**Task brief:**
Would you please print exactly the lines that run from the one with "新中式棉纸牛皮纸八边封烘培包装袋国朝塑料卷边封口八边封自立袋" to the last line of the data, both included, without any pictures?

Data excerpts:

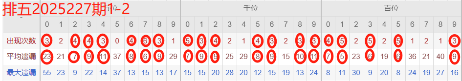2025224期开奖号码02192,万位近30期0出现2次数 ,千位近30期2出现4次数,百位近30期1出现5次数(较226期减一) ,十位近30期9出现5次数(较225期减一) ,个位近30期2出现2次数 。
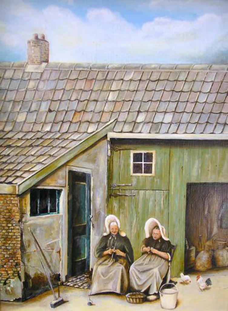 Twee Huizer boerinnetjes, voor een oude schuur.
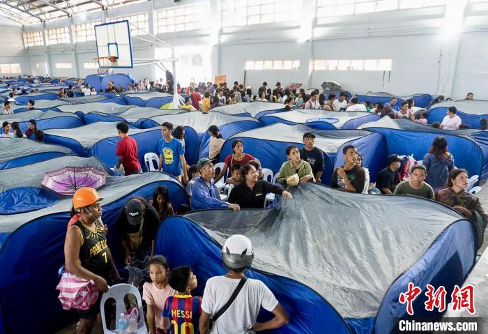 當地時間11月21日,菲律賓北薩馬省受災民眾被轉移至一處臨時避難場所。(北薩馬省信息辦公室供圖)
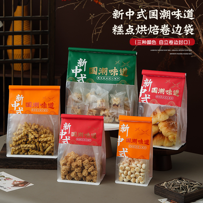 新中式棉纸牛皮纸八边封烘培包装袋国朝塑料卷边封口八边封自立袋
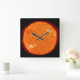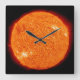 Un reloj de pared cuadrado con una imagen real del Sol.
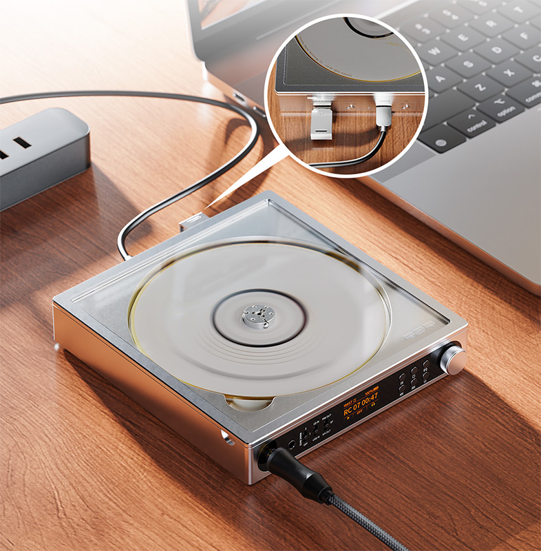 CDの再生は、ディスクの位置合わせにセルフリバウンド式のスチールボール設計を採用して、スムーズなディスクの出し入れを実現するとともに傷つきやすさの低減も果たしたという。
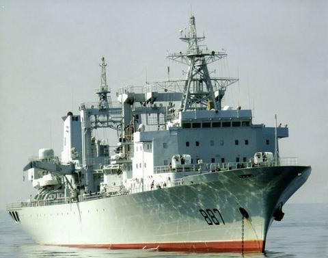“微山湖”號(hào)綜合補(bǔ)給艦(舷號(hào)887)是中國(guó)自行設(shè)計(jì)建造的最大補(bǔ)給艦,排水量接近3萬(wàn)噸,可同時(shí)為兩艘以上艦船補(bǔ)給,2007年曾與“廣州”艦一起出訪歐洲多個(gè)國(guó)家。
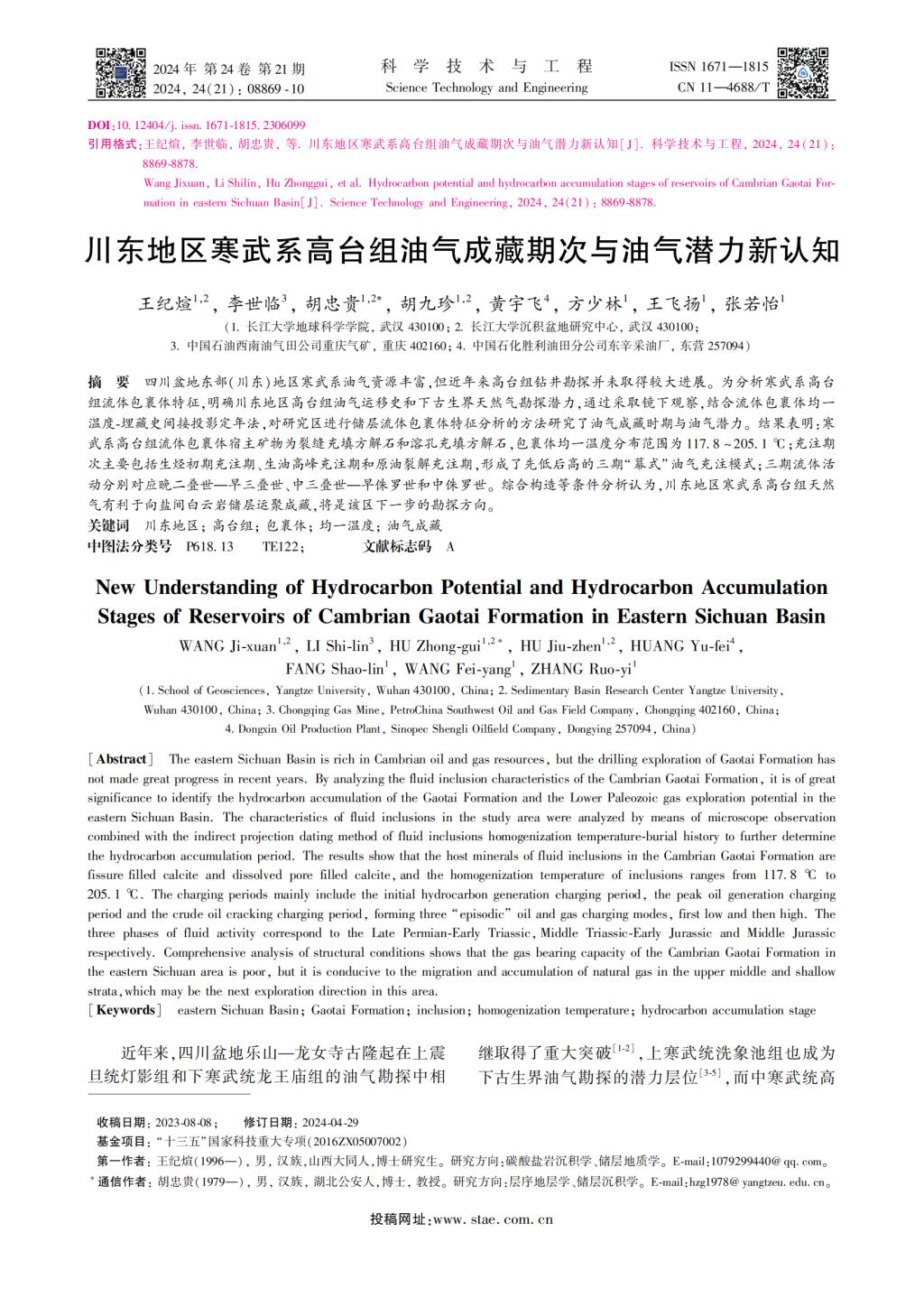 20级硕士研究生王纪煊在期刊《科学技术与工程》上发表题为“川东地区寒武系高台组油气成藏期次与油气潜力新认知”的研究论文。太阳成tyc33455ccwww为论文第一署名单位,硕士研究生王纪煊为论文第一作者,其导师胡忠贵教授为该文通讯作者,本项研究得到“十三五”国家科技重大专项资助。
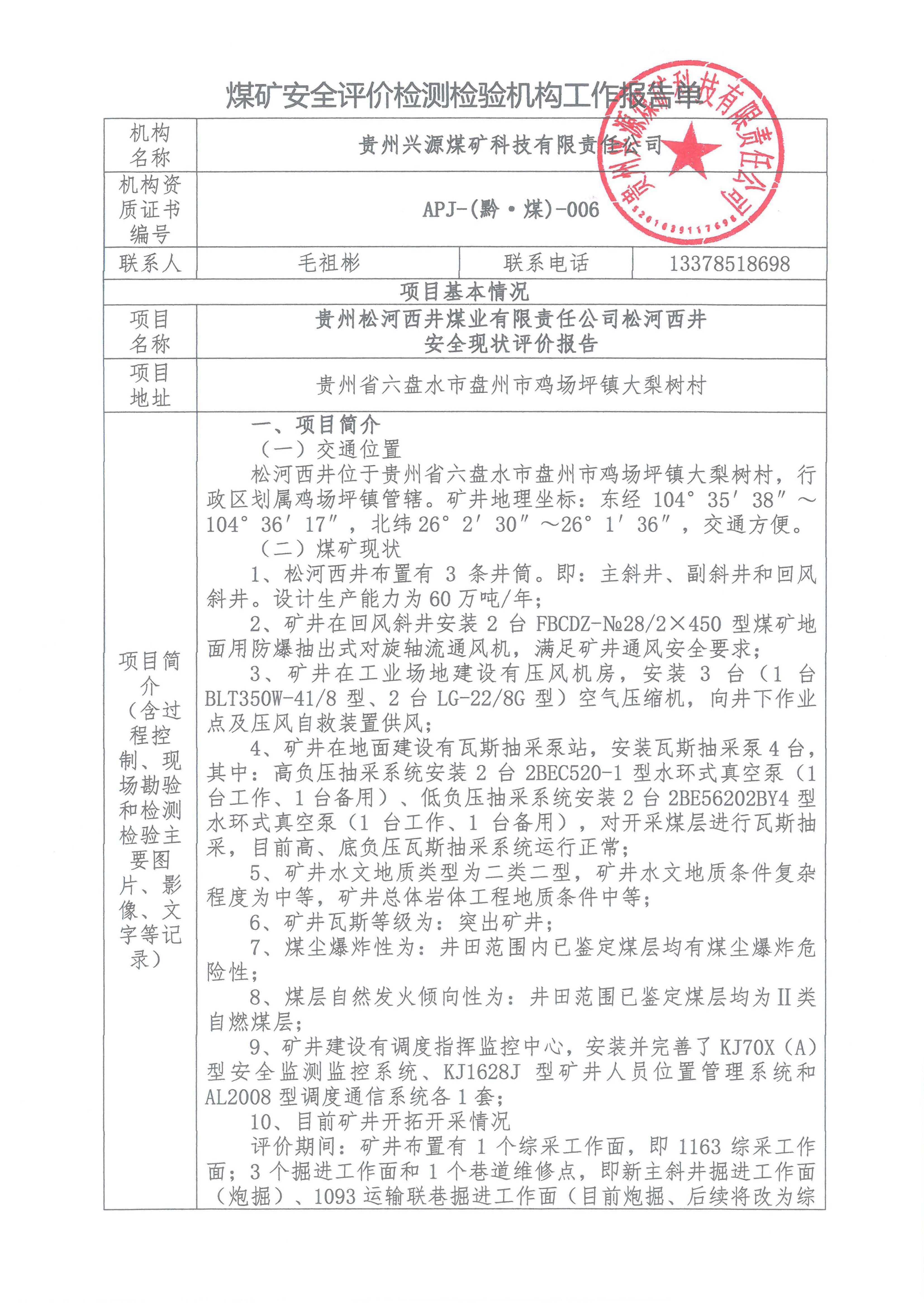 煤礦安全評價檢測檢驗機構工作報告單【貴州松河西井煤業有限責任公司松河西井 安全現狀評價報告】
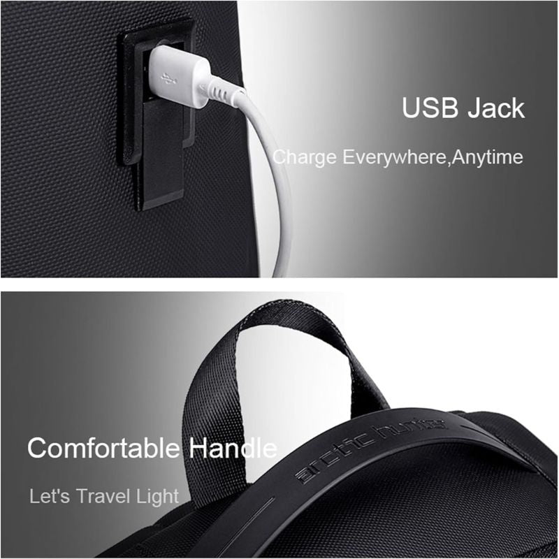 Our travel backpack is made having built in USB and Headphone port with charging cable.
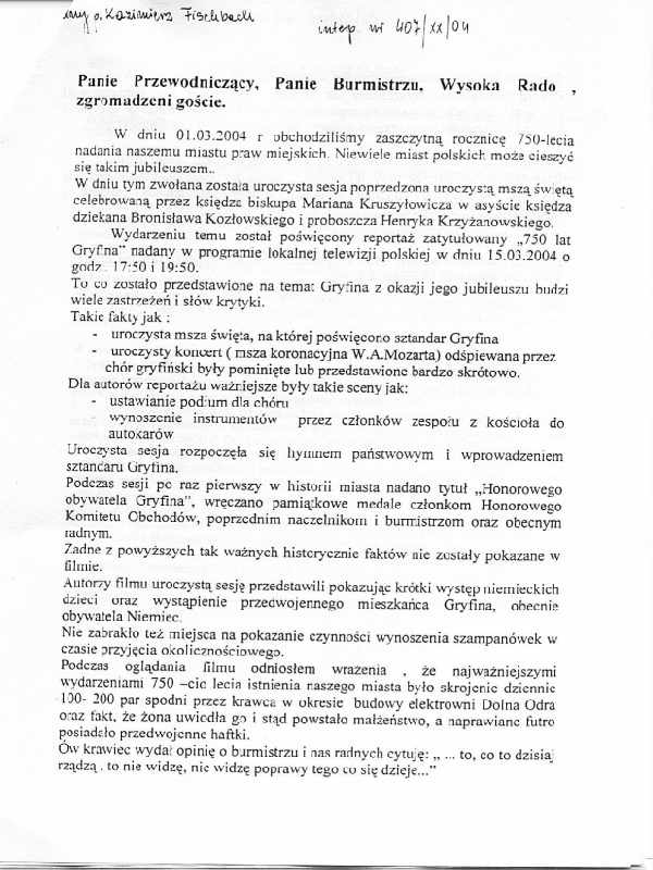 407/XX/04 - ubolewam nad tym, że w uroczystej sesji Rady Miejskiej w Gryfinie, która odbyła się 1 marca br. nie wzięli udziału politycy, którzy deklarują swoją sympatię i przywiązanie do ziemi gryfińskiej. Wynika z tego, że włączyli się w jakieś rozgrywki polityczne, których nie rozumiem. Żałuję, że nie chcieli wspólnie z nami tworzyć najnowszej historii pięknego miasta Gryfina.
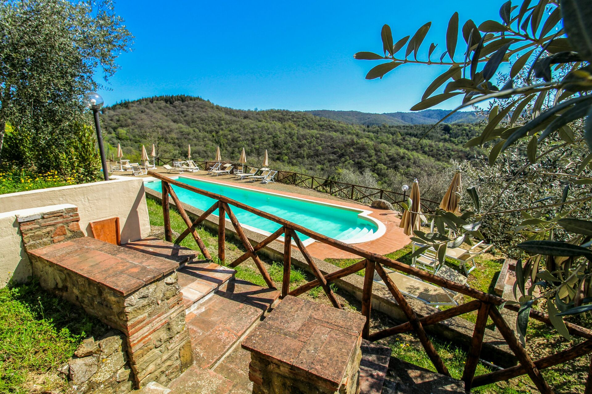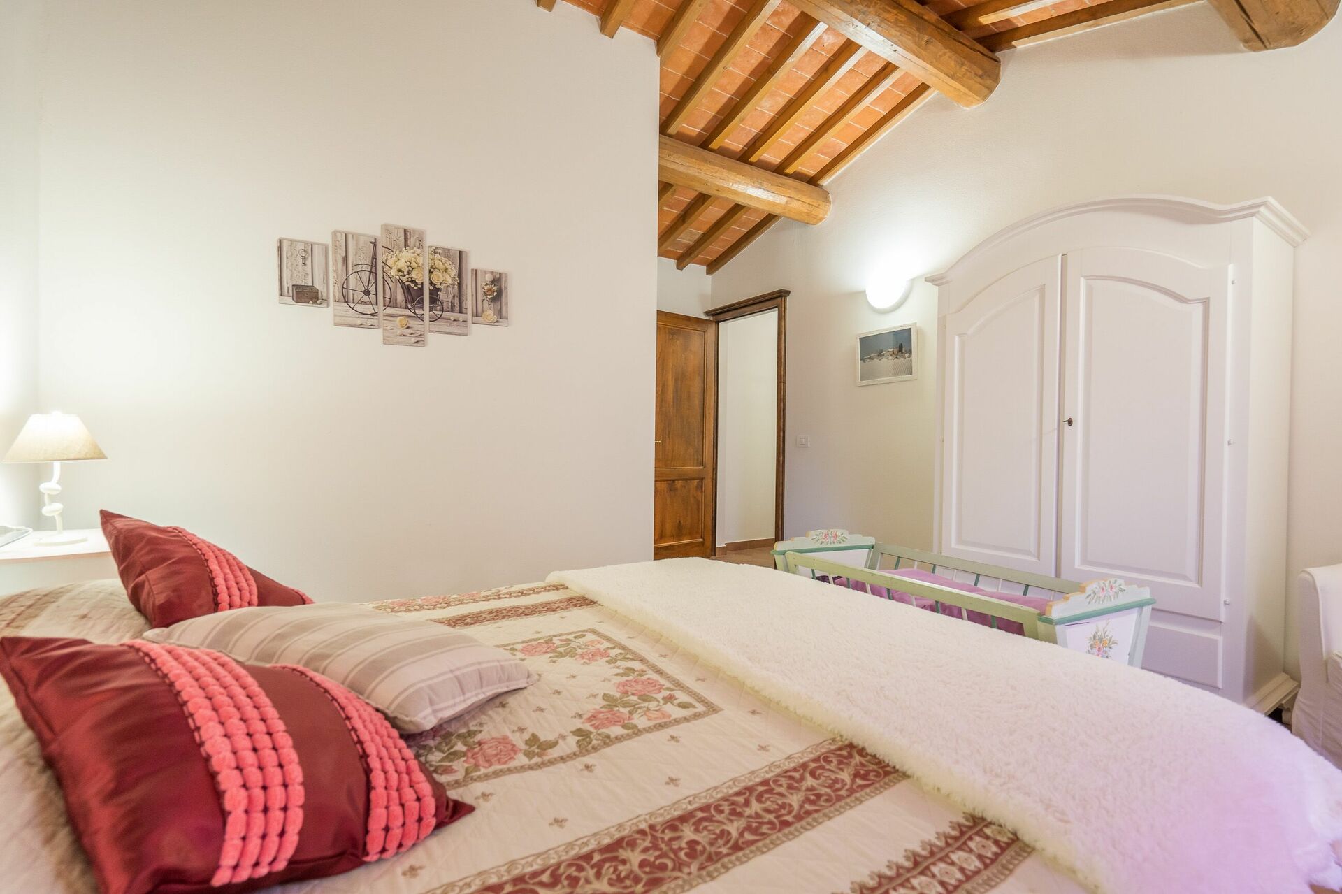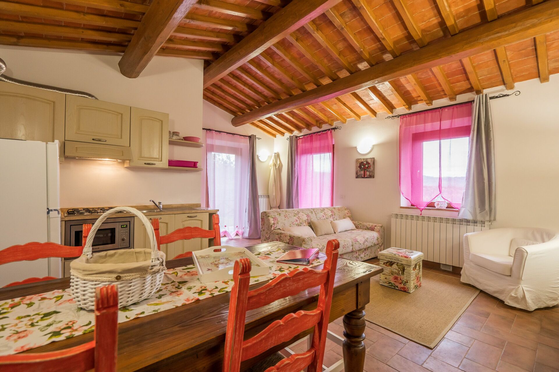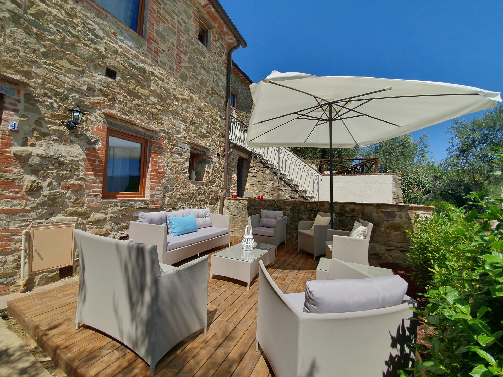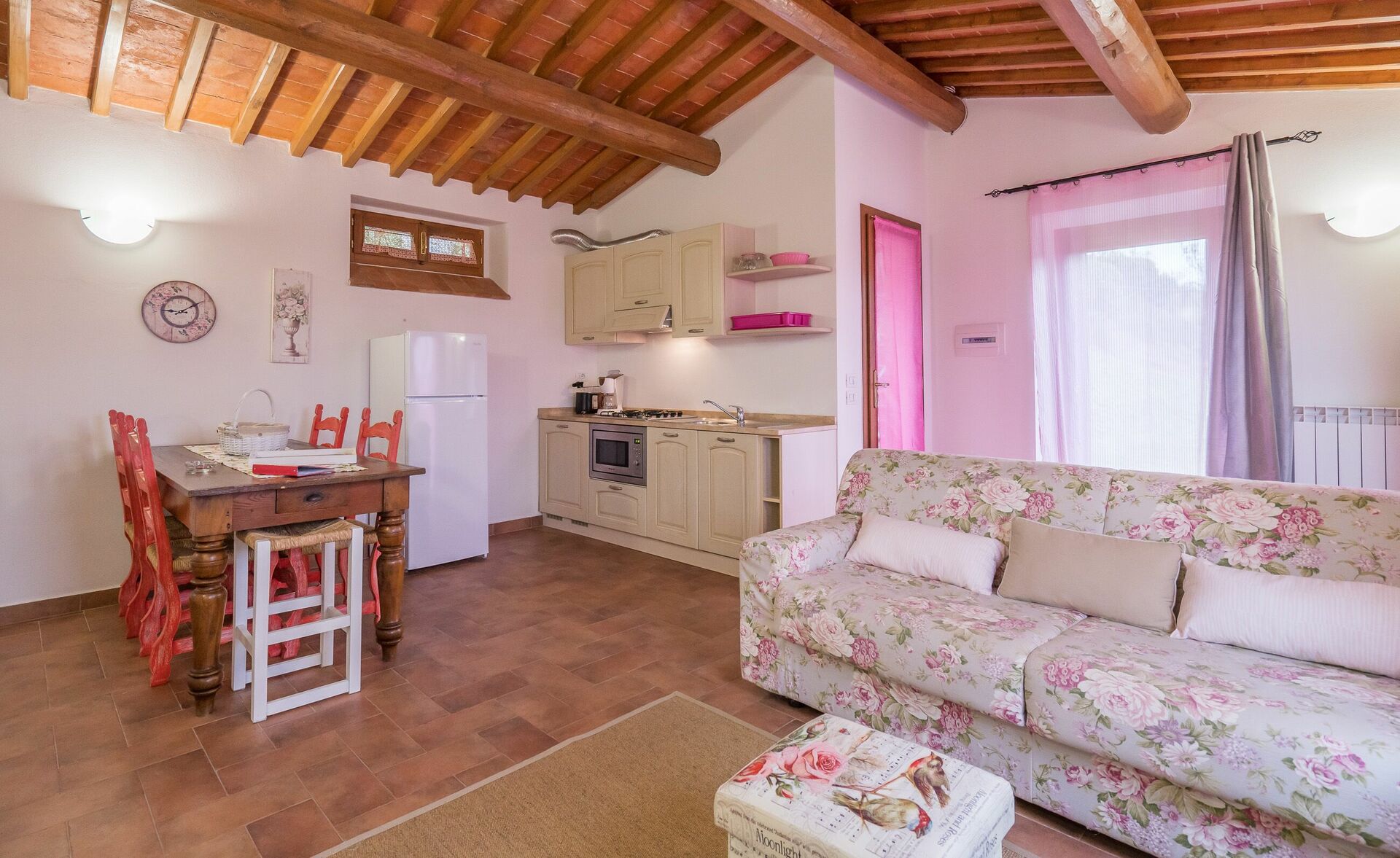 Ved ankomst vil I møde en fin ren velholdt ejendom med udsigt over bakkerne ideel til rolig ferie i Toscana. Til jeres store nydelse vil I finde en privat pool, hvor I kan køle ned, mens I nyder en dejlig kold drik efter en travl dag med shopping. At nyde et måltid med venner og familie er en stor del af den toskanske kultur. Benyt det velekviperede køkken til madlavning med lokale produkter, når du er på ferie. Køkkenet indeholder kaffemaskine, mikroovn, brødrister og køleskab, samt, masser af service og bestik til op til 22 personer. Spis 'al fresco' som en ægte toskaner. Den fuldt møblerede er det perfekte sted for at nyde sit måltid, familien og det dejlige toskanske vejr.

**Reply:**
 新中式棉纸牛皮纸八边封烘培包装袋国朝塑料卷边封口八边封自立袋
 Un reloj de pared cuadrado con una imagen real del Sol.
 CDの再生は、ディスクの位置合わせにセルフリバウンド式のスチールボール設計を採用して、スムーズなディスクの出し入れを実現するとともに傷つきやすさの低減も果たしたという。
“微山湖”號(hào)綜合補(bǔ)給艦(舷號(hào)887)是中國(guó)自行設(shè)計(jì)建造的最大補(bǔ)給艦,排水量接近3萬(wàn)噸,可同時(shí)為兩艘以上艦船補(bǔ)給,2007年曾與“廣州”艦一起出訪歐洲多個(gè)國(guó)家。
 20级硕士研究生王纪煊在期刊《科学技术与工程》上发表题为“川东地区寒武系高台组油气成藏期次与油气潜力新认知”的研究论文。太阳成tyc33455ccwww为论文第一署名单位,硕士研究生王纪煊为论文第一作者,其导师胡忠贵教授为该文通讯作者,本项研究得到“十三五”国家科技重大专项资助。
 煤礦安全評價檢測檢驗機構工作報告單【貴州松河西井煤業有限責任公司松河西井 安全現狀評價報告】
 Our travel backpack is made having built in USB and Headphone port with charging cable.
 407/XX/04 - ubolewam nad tym, że w uroczystej sesji Rady Miejskiej w Gryfinie, która odbyła się 1 marca br. nie wzięli udziału politycy, którzy deklarują swoją sympatię i przywiązanie do ziemi gryfińskiej. Wynika z tego, że włączyli się w jakieś rozgrywki polityczne, których nie rozumiem. Żałuję, że nie chcieli wspólnie z nami tworzyć najnowszej historii pięknego miasta Gryfina.
 Ved ankomst vil I møde en fin ren velholdt ejendom med udsigt over bakkerne ideel til rolig ferie i Toscana. Til jeres store nydelse vil I finde en privat pool, hvor I kan køle ned, mens I nyder en dejlig kold drik efter en travl dag med shopping. At nyde et måltid med venner og familie er en stor del af den toskanske kultur. Benyt det velekviperede køkken til madlavning med lokale produkter, når du er på ferie. Køkkenet indeholder kaffemaskine, mikroovn, brødrister og køleskab, samt, masser af service og bestik til op til 22 personer. Spis 'al fresco' som en ægte toskaner. Den fuldt møblerede er det perfekte sted for at nyde sit måltid, familien og det dejlige toskanske vejr.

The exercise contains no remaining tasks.